Le Peyotl: La Plante Qui Fait les Yeux Émerveillés, also known as Peyote: The Plant That Fills the Eyes with Marvels, is a 1927 book about peyote by the French pharmacist Alexandre Rouhier. Peyote contains the psychedelic drug mescaline.

The book extensively reviews peyote, including its botany, chemistry, history, ethnography, and medical properties. In addition, it included original research by Rouhier on peyote and its alkaloids. It is said to have introduced France and Europe to mescaline in various ways.

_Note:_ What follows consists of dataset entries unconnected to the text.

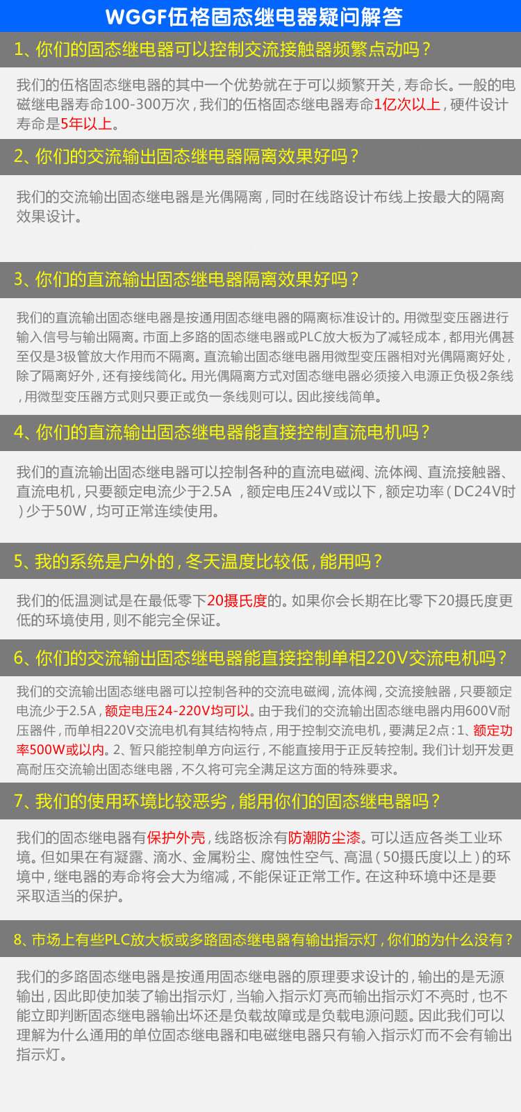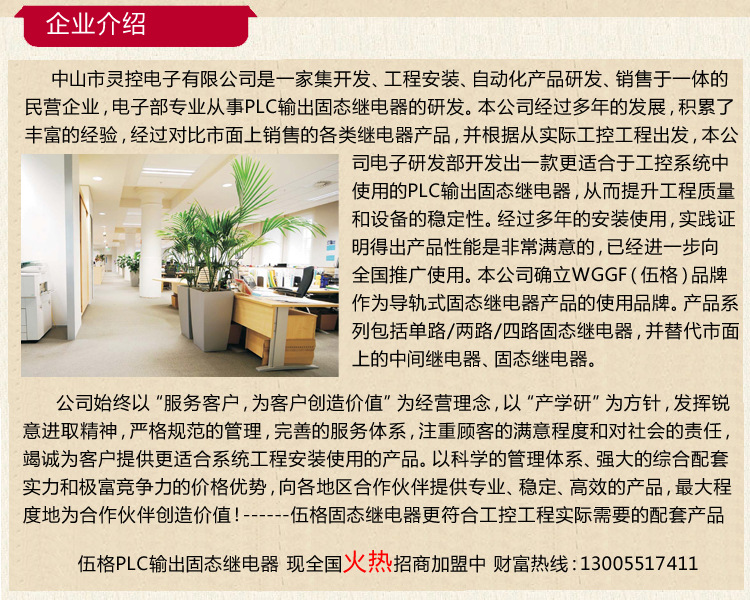 中山市靈控電子有限公司是一家集開發(fā)、工程安裝、自動化產(chǎn)品代理、銷售于一體的民營企業(yè),電子部專業(yè)從事PLC輸出固態(tài)繼電器的研發(fā)。確定WGGF(伍格)品牌作為導(dǎo)軌式固態(tài)繼電器的新產(chǎn)品的使用品牌。包括2路直流固態(tài)繼電器,2路交流固態(tài)繼電器,4路直流固態(tài)繼電器,4路交流固態(tài)繼電器,2路交交固態(tài)繼電器,替代市面上的中間繼電器、固態(tài)繼電器、PLC輸出放大板,PLC功率放大板、可控硅輸出板,晶體管輸出板、繼電器輸出板。
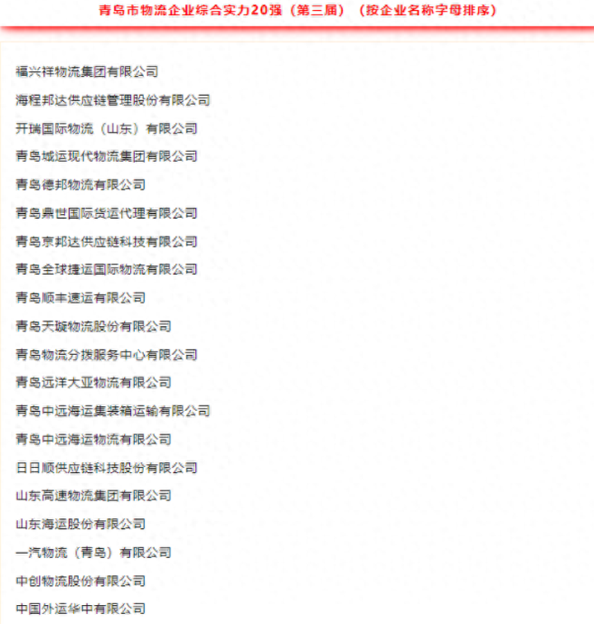 日前,在青岛市交通运输局、市发展改革委以及各区市物流主管部门的支持下,青岛市物流协会开展了青岛市物流企业综合实力20强(第三届)评选活动,通过物流营业收入、资产总额、纳税总额以及社会贡献度等多个指标维度给出了青岛物流前排企业的“画像”: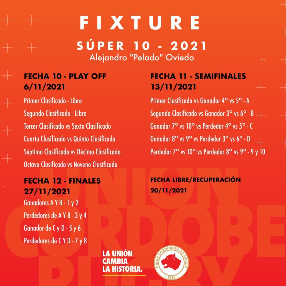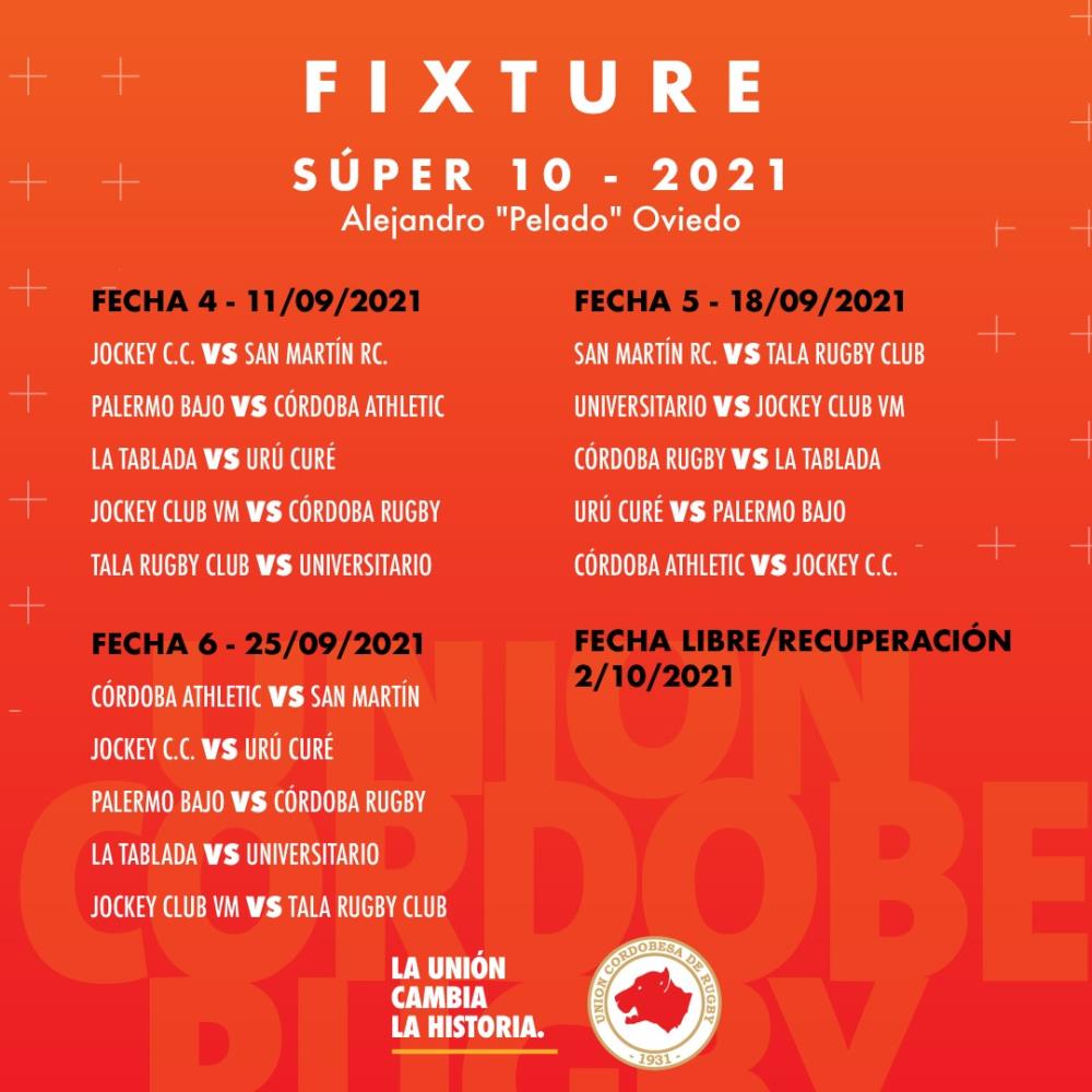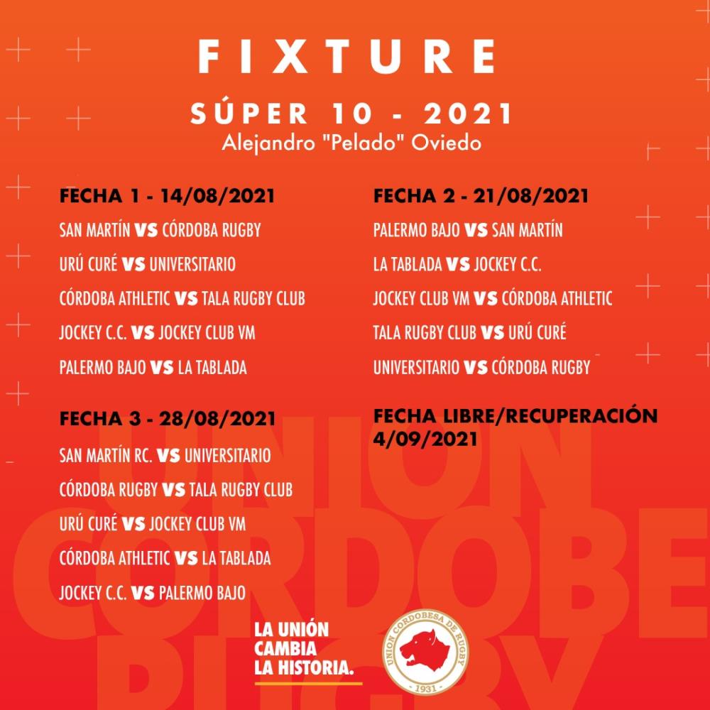 Galería de Imagenes La unión cordobesa publicó los partidos y las fechas de esta nueva competencia. El 14 de agosto comienza el Súper 10 Alejandro "Pelado" Oviedo, el torneo tendrá nueve fechas regulares, una fecha de play off y, por último, semifinales y finales. Por otra parte, tanto la Intermedia como la pre intermedia seguirán el fixture de la primera.Acá te dejamos todos los partidos y sus fechas correspondientes: Fuente: Prensa UCR Galería de Imagenes
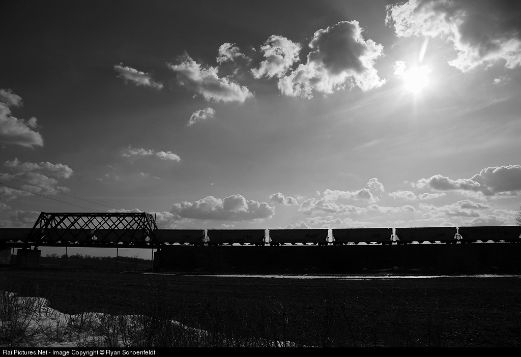 A set of CNW hoppers make for a nice silhouette in the consist of Union Pacific's Valley Park, MN to Proviso manifest.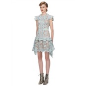 2020サマーブルーレースイレギュラーフリルミニパーティードレスレディースランウェイOネック半袖フローラルホローアウトスリムドレス ショート ハーフスリーブ ラッフル 夏物 花柄 Rhc40959627434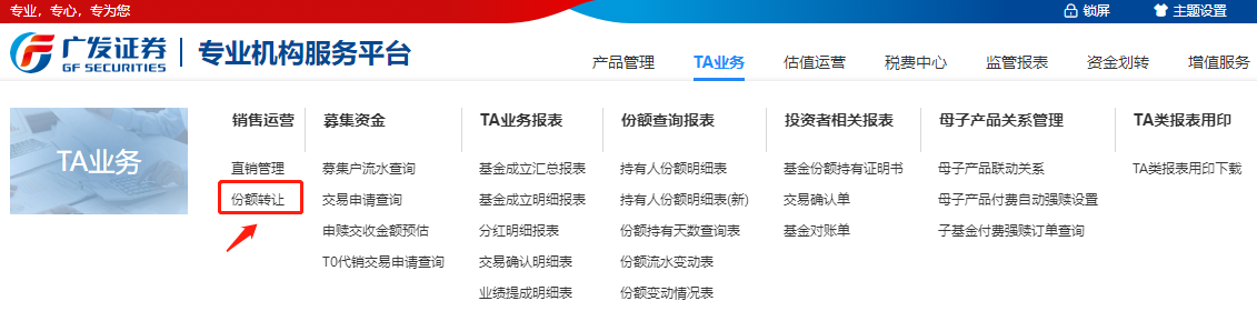 申请路径:管理人登录我部专业机构服务平台-TA业务-销售运营-份额转让,通过订单列表-创建订单,按系统提示完善信息后提交份额转让申请。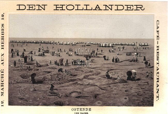 Formaat : 10 x14,5 cm. - Met foto van strandrecreatie op het Groot Strand tijdens de Belle Epoque. Langs de vloedlijn, de traditionele badkarren
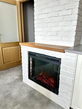 Вентканал задекорирован кирпичом и электрическим камином.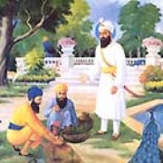 In the first two pictures Guru Nanak is shown under the shade of a tree and peacocks in the background. Even Guru Gobind Singh preferred composing his poetry under a tree as can be seen in the picture on the right.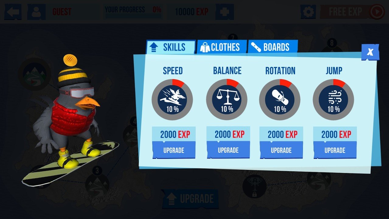 雪鸟滑雪板中玩家可以在此享受滑雪乐趣,你也可以在此解锁不同的滑雪板,可爱的雪鸟会一直陪伴你。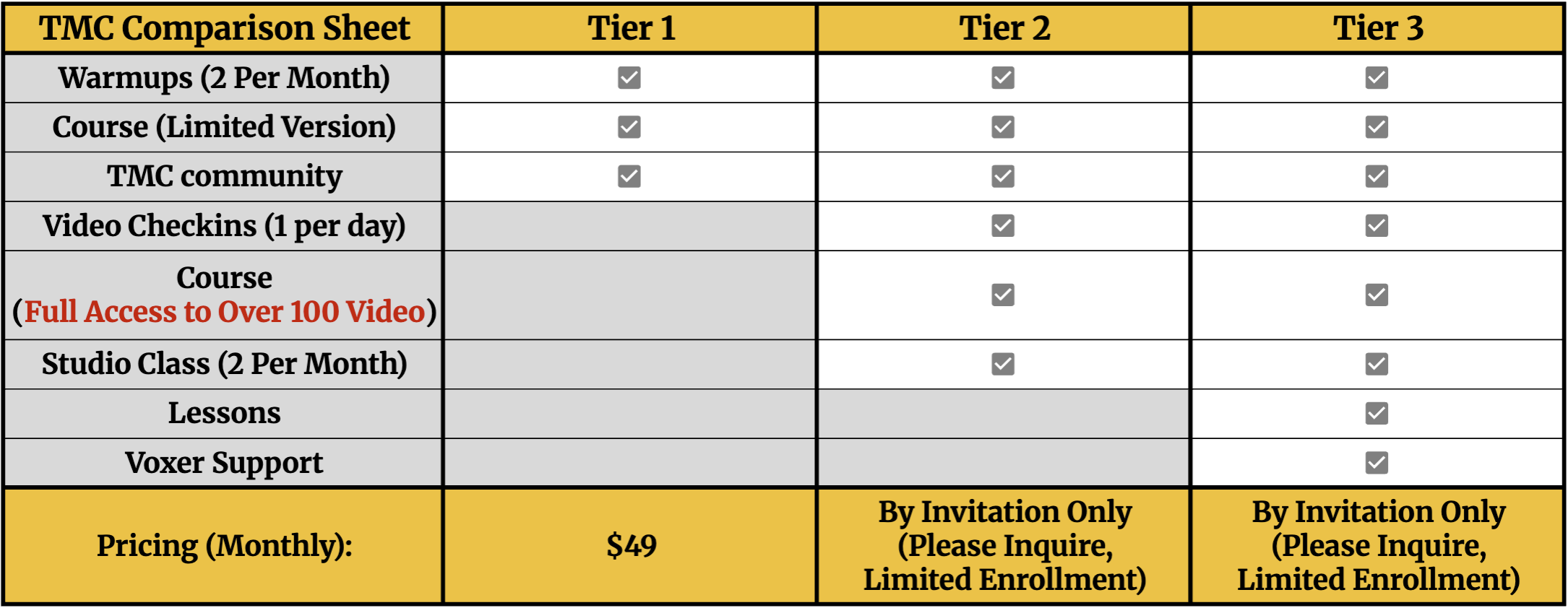 “The caliber of instruction, playing, and expertise found in TMC is at the highest level of excellence.” - KathyRose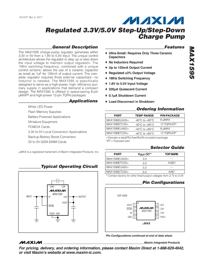 MAX1595 Regulated 3.3V/5.0V Step-Up/Step-Down Charge Pump
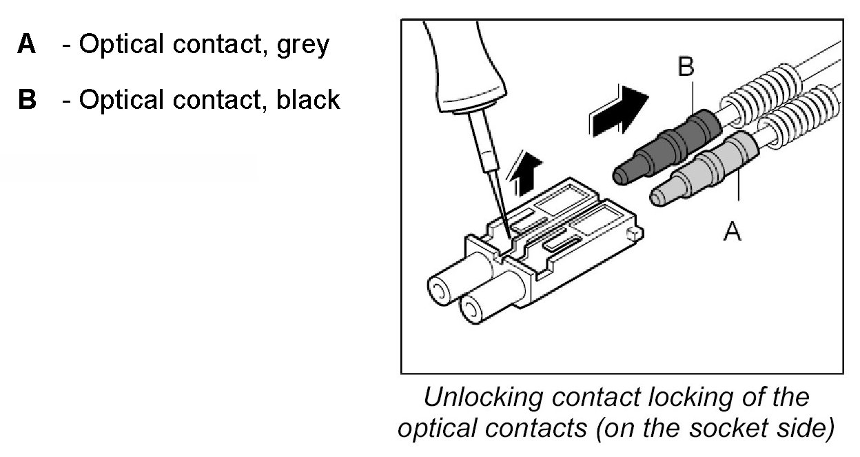 INFORMATION: Observe the general information on optical waveguides. -> General information on optical waveguides - MOST bus
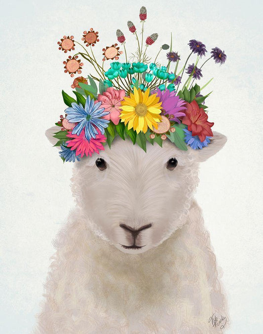 Sheep with Flower Crown 1 White Modern Wood Framed Art Print with Double Matting by Fab Funky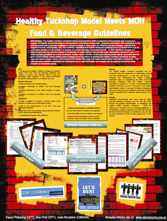 This poster presented at the IDF in 2009. The Healthy Tuckshops framework story has been long on convoluted, with work starting in select schools in South Auckland in 2005 with a resource designed using best practice, research, and hard experience in the real world of local schools. Involved were the DHB, the Lets Beat Diabetes programme, and Diabetes Projects Trust. Within the story also came a change to guidelines for schools (National Administration Guidelines) requiring trustees to provide a healthy food environment. Then a new system, the MOH new Food and Beverage guidelines came in and needed to be incorporated. This poster presents some of the experience, and offered an opportunity for questions to be asked around the practicalities of adapting to change working in the school nutrition environment.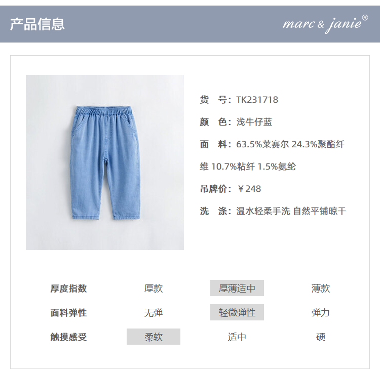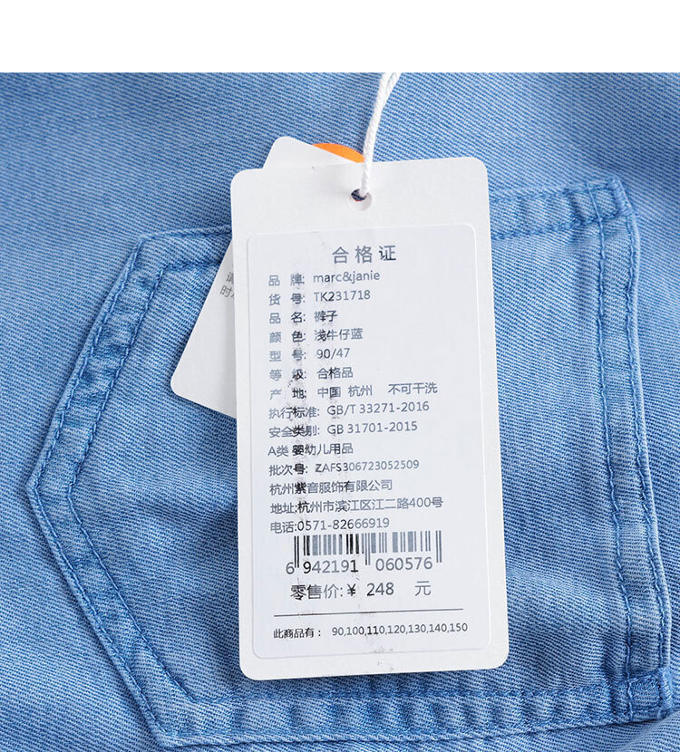 马克珍妮夏装新款 男童微弹透气薄款牛仔裤 儿童裤子231718

The book followed and was largely based on Rouhier's 1926 dissertation, Monographie du Peyotl: Echinocactus Williamsii Lem. (Peyote Monograph: Echinocactus Williamsii Lem.). It was reprinted in 1975 with minor corrections. Rouhier also published other articles on peyote. In addition, besides peyote, he published works on other drugs such as yagé and yoco (caffeine).

Several reviews of the book have been published. It was described as the most comprehensive review of the drug that has been published up to that date. Alexander Shulgin read the book along with other works prior to eventually trying mescaline himself in 1960.

Rouhier grew and sold peyote from his pharmacy in France from 1927 until the 1960s. No prescription was required and advertisements appeared in the popular press.

==See also==
- List of psychedelic literature
- Mescaline § History
- Psychedelic drug § The phenethylamine psychedelic mescaline
- Der Meskalinrausch (Mescaline Intoxication) (1927)
- Mescal: The 'Divine' Plant and Its Psychological Effects (1928)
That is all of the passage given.